A Truly Slow Holiday
Liz Houghton
We have just spent a magical eight days visiting the Saxon villages of Transylvania.
A fascinating area where life moves with the seasons and at the pace of the farm
animals in a way that took us back to medieval times. The tour was expertly organised
and guided by Jim Turnbull of Adept – a charitable foundation (www.fundatia-adept.org) that
is working to preserve this wonderful way of life before it is too late. A praesidium
for the jams has already been set up and Jim is encouraging the producers to run
farmers’ markets in the larger towns. A Slow Food convivium has been set up in Bucharest
and we met and lunched with the leader.
In a small party of nine including the organisers and local guide we bounced and
rattled along the potholed dirt roads deep into the foothills of the Carpathian Mountains.
One day, after several kilometres along such a track, we arrived at the shepherds’
summer camp. These men spend the whole summer camping out with their sheep in the
high pastures. Often visited by bears or wolves at night, the camps are guarded
by a dozen or so shaggy and very fierce dogs. We watched the sheep being milked
and the milk being strained before rennet was added to begin the cheese making process.

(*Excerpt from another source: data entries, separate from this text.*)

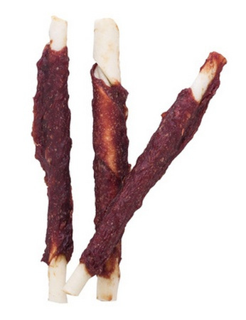 - Filety z wołowiny na patyku Karma uzupełniająca dla psów. Skład: mięso wołowe 48.8%, skóra suszona 45%, glicerol 2%, sorbitol 2%, sól 0.2%, skrobia 2% Typowa analiza: białko surowe 60%, tłuszcz...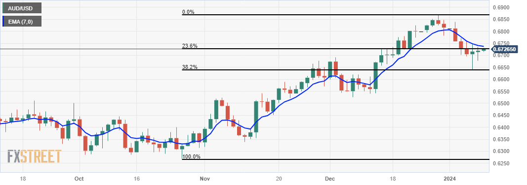 The Australian Dollar trades near 0.6710 on Tuesday. The AUD/USD pair could face a key resistance at the seven-day Exponential Moving Average (EMA) of 0.6737 before the major level at the 0.6750 level. A successful breakthrough above the latter could pave the way for the AUD/USD pair to challenge the psychological barrier at 0.6800. On the downside, the 23.6% Fibonacci retracement at 0.6725 acted as an immediate support followed by the psychological support at 0.6700. A break below the psychological support could push the AUD/USD pair to retest the major support at 0.6650 and the 38.2% Fibonacci retracement level at 0.6637.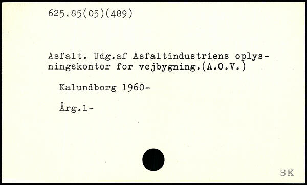 Asfalt. Udg.af Asfaltindustriens oplysningskontor for vejbygning.(A.O.V.) Kalundborg 1960- Årg.1-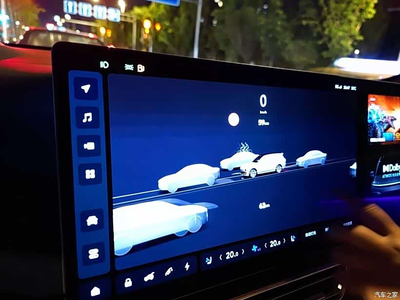 HUD的显示效果不错,有立体感,内容也比较丰富,确实降低了驾驶员对仪表盘的依赖。不过如果hud上面的路面交通信息能再多一些车后侧的位置车辆显示就更好,这样也可以方便驾驶员判断后侧是否有车辆,方便驾驶员进行变道。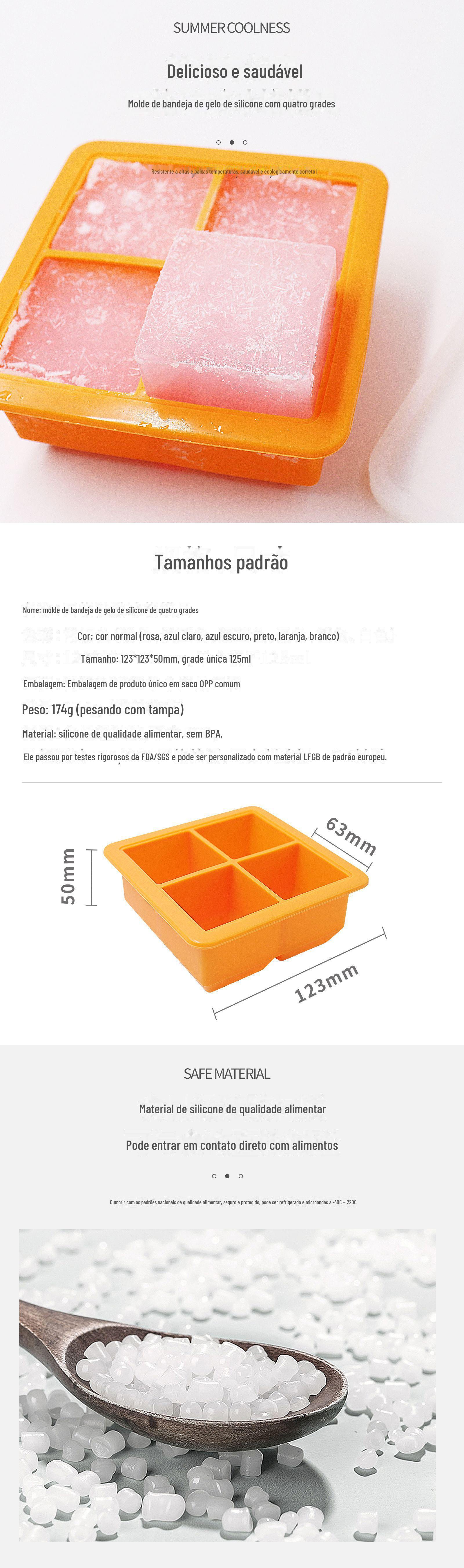 Recomendado pela fábrica em estoque com tampa para 4 cubos de gelo de silicone, molde de gelo de silicone, utensílios de cozinha criativos para cubos de gelo

Then came lunch - a hearty meal of a variety of sheep’s cheeses, a pork stew cooked
in a three-legged pot over an open fire, followed by cheese-stuffed polenta dumplings
and finally wild plums and cherries from the woods – all washed down with liberal
quantities of polinca (a potent home distilled fruit brandy) and homemade wine. We
ate outside, under the shade of a tree in complete convivial peace, no traffic noise,
no aircraft flying overhead, only the sheep, the dogs and the birds – we felt we
had found paradise.
By the time we had gorged ourselves the cheese was ready to be strained through muslin
and the resulting curds pressed down with heavy stones to get rid of excess moisture.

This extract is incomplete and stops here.